-- PROVIDED DATA follows --

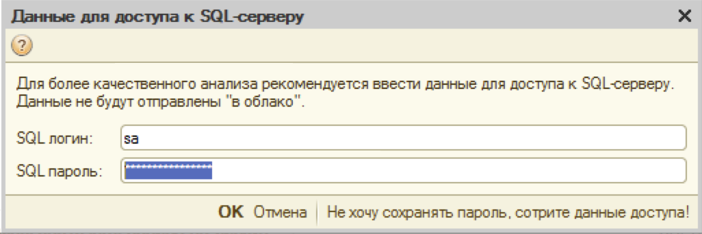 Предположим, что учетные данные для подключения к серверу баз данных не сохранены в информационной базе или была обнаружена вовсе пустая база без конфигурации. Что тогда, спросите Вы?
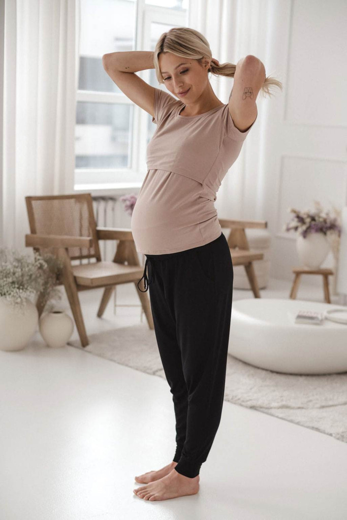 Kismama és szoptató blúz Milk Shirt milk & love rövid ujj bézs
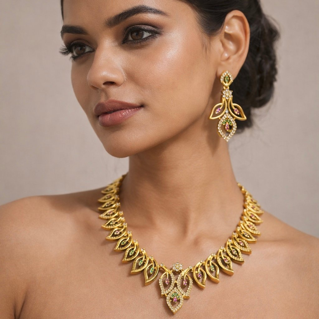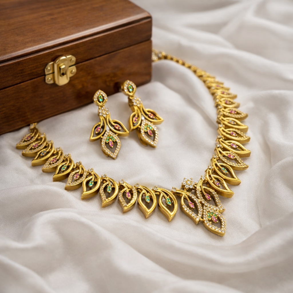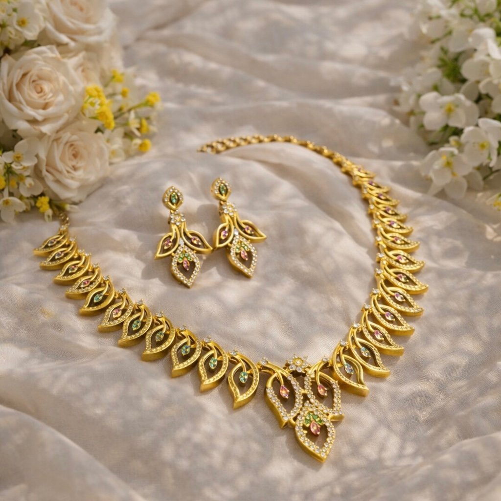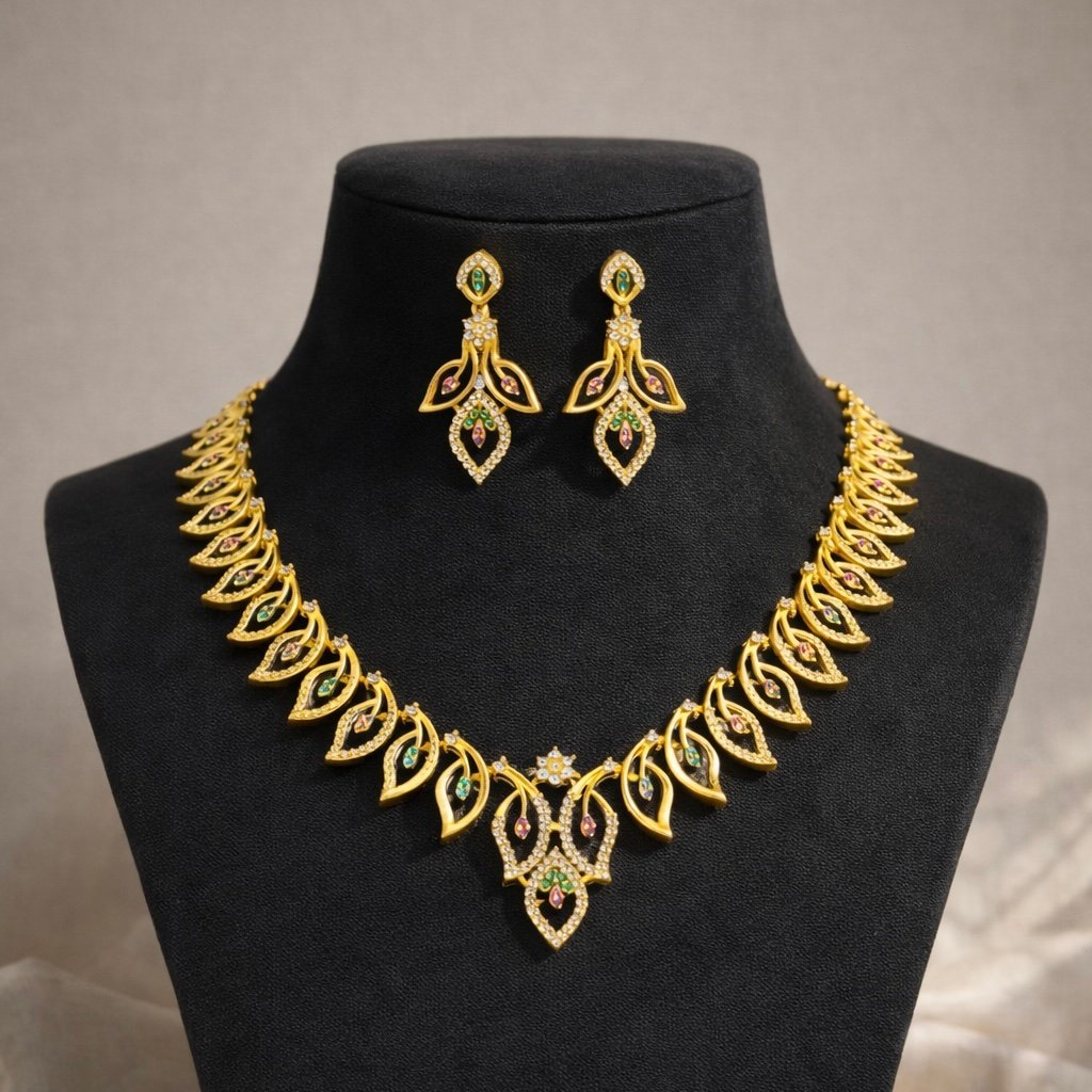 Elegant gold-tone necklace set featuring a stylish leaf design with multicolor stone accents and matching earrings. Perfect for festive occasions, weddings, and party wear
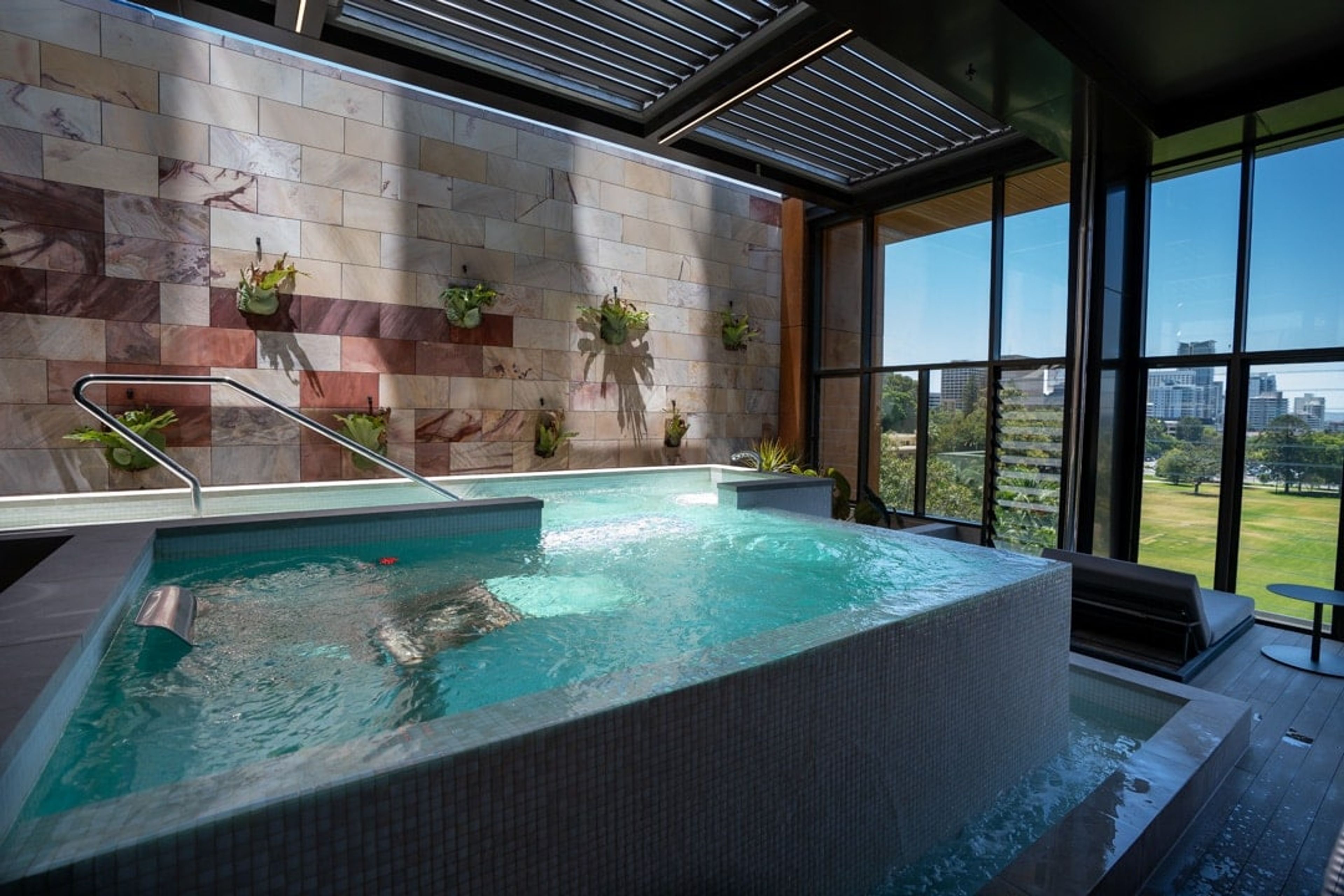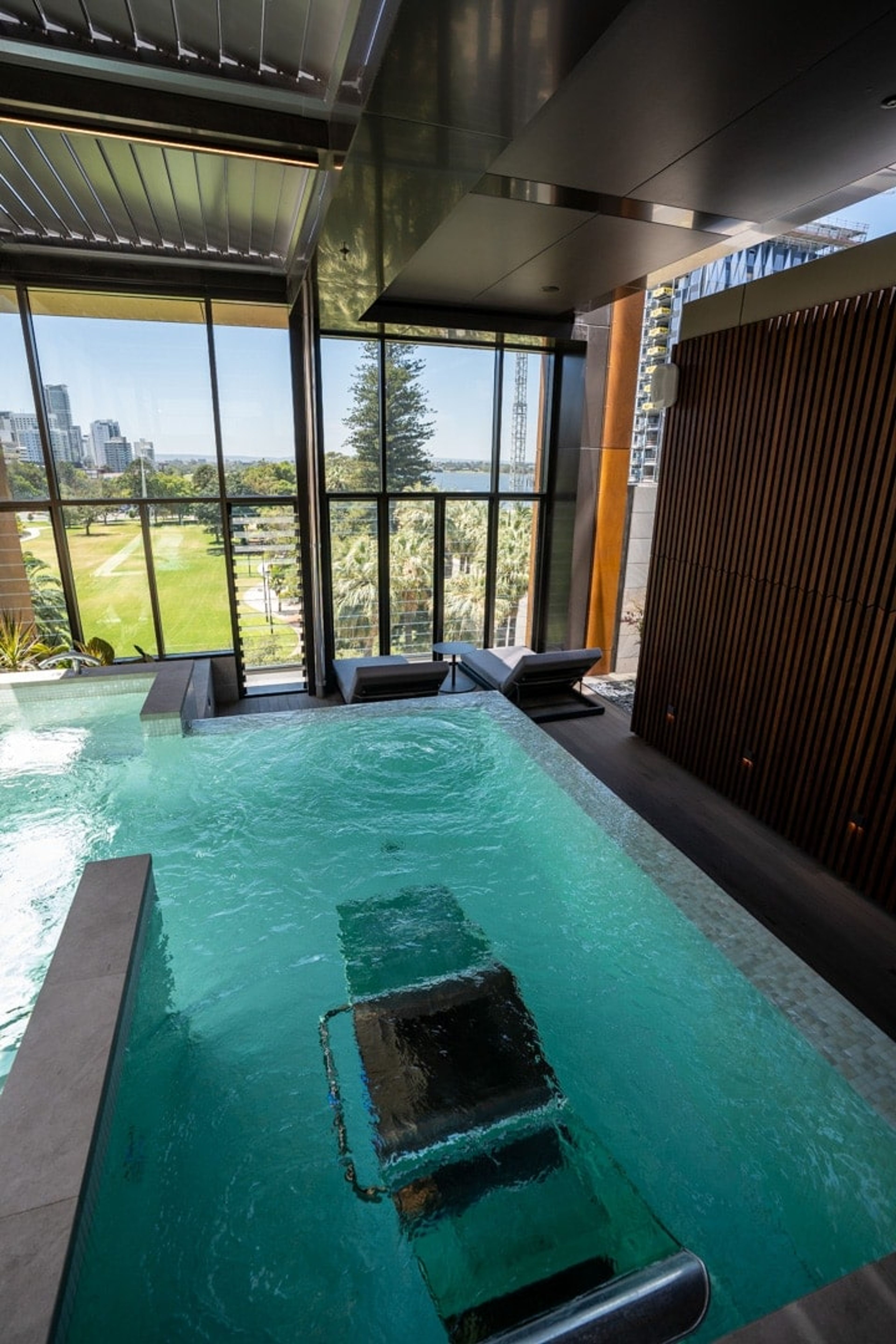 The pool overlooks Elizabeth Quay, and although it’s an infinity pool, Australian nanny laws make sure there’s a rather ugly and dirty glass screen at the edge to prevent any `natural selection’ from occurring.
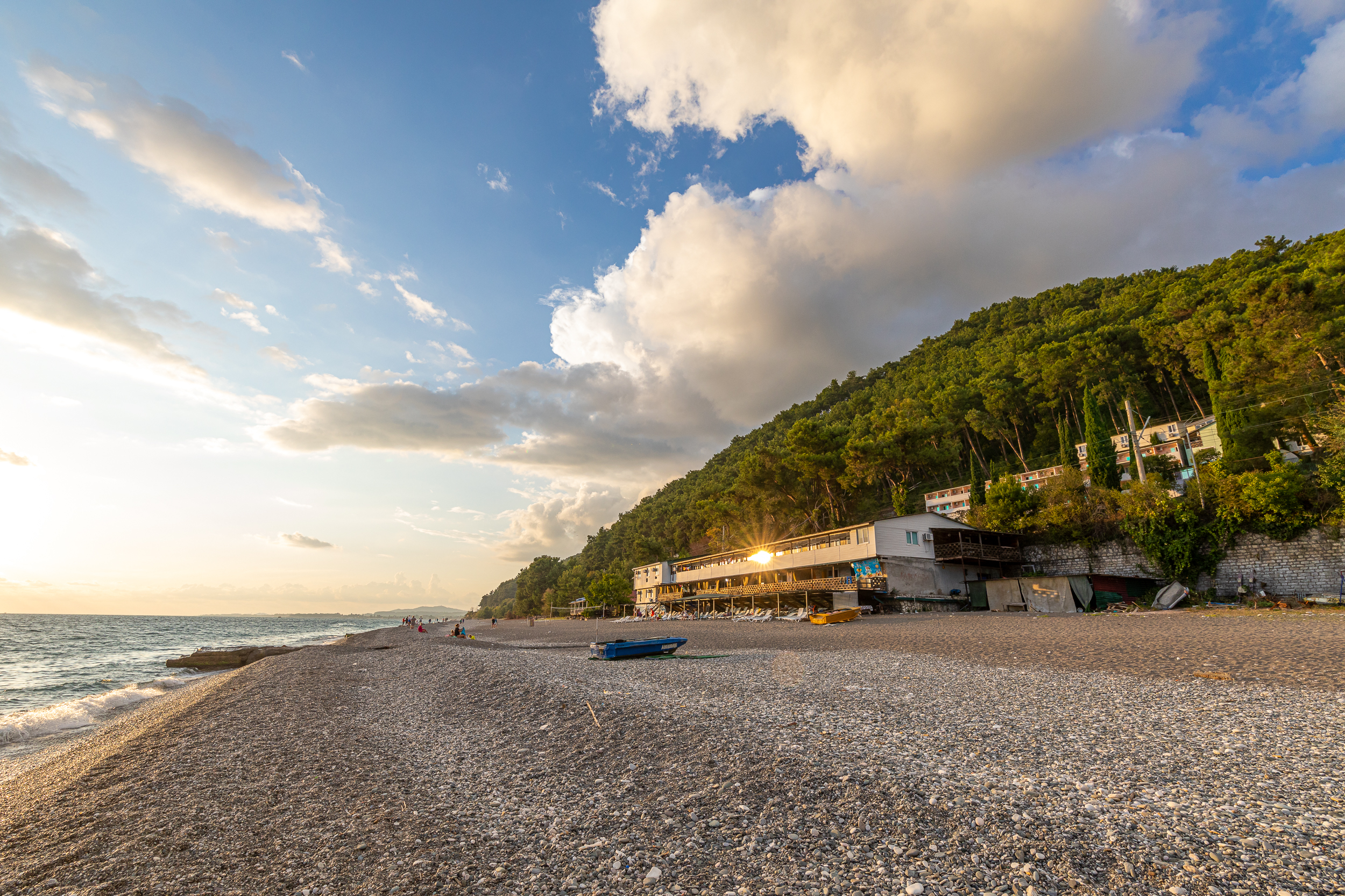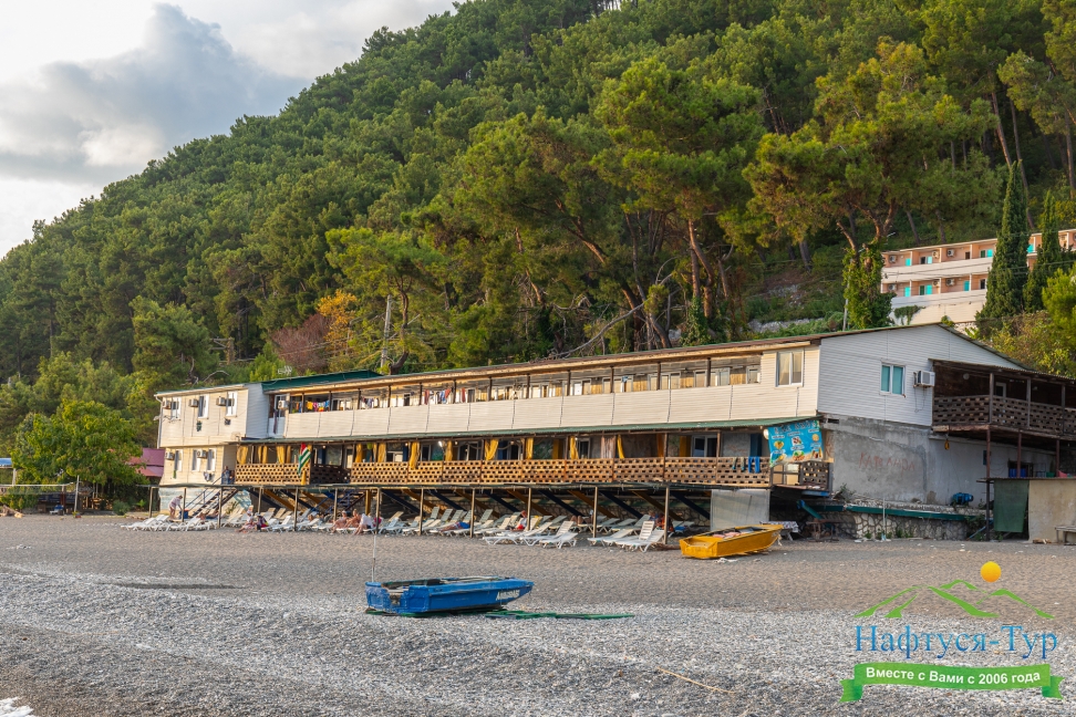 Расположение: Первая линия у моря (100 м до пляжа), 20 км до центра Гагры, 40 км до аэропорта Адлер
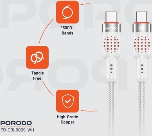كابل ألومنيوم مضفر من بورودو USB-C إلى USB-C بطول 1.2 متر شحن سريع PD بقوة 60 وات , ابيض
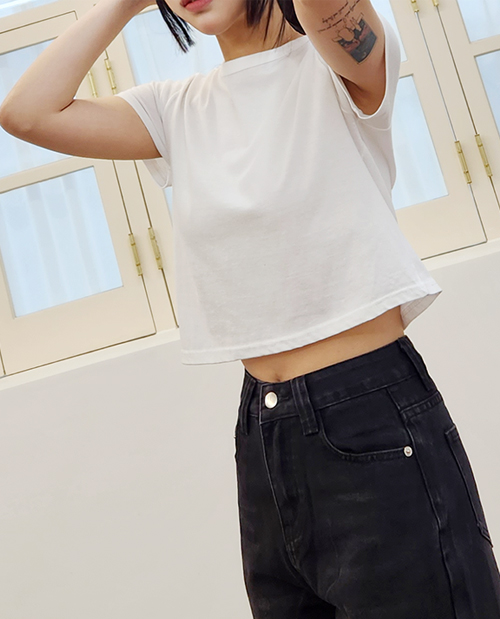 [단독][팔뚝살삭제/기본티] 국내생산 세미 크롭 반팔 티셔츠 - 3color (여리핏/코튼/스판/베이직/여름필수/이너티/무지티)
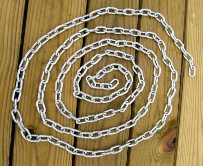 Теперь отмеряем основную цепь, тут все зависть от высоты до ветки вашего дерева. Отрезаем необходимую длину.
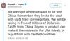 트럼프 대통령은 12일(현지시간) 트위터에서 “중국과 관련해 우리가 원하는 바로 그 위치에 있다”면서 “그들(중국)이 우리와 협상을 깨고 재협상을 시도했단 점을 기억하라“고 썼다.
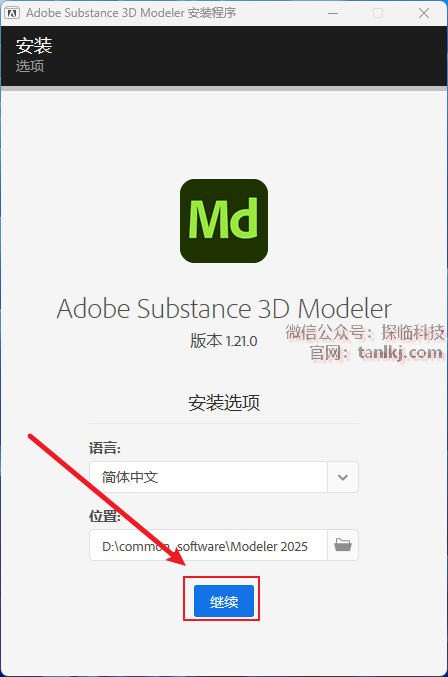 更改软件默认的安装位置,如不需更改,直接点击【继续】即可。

-- PROVIDED DATA concluded --

PROBLEM TO WORK ON:
Pictures stay out of this copy. Retype exactly the lines from the one with "Теперь отмеряем основную" through the last line of the data, both ends included, and nothing more.

THE COMPLETED TASK:
 Теперь отмеряем основную цепь, тут все зависть от высоты до ветки вашего дерева. Отрезаем необходимую длину.
 트럼프 대통령은 12일(현지시간) 트위터에서 “중국과 관련해 우리가 원하는 바로 그 위치에 있다”면서 “그들(중국)이 우리와 협상을 깨고 재협상을 시도했단 점을 기억하라“고 썼다.
 更改软件默认的安装位置,如不需更改,直接点击【继续】即可。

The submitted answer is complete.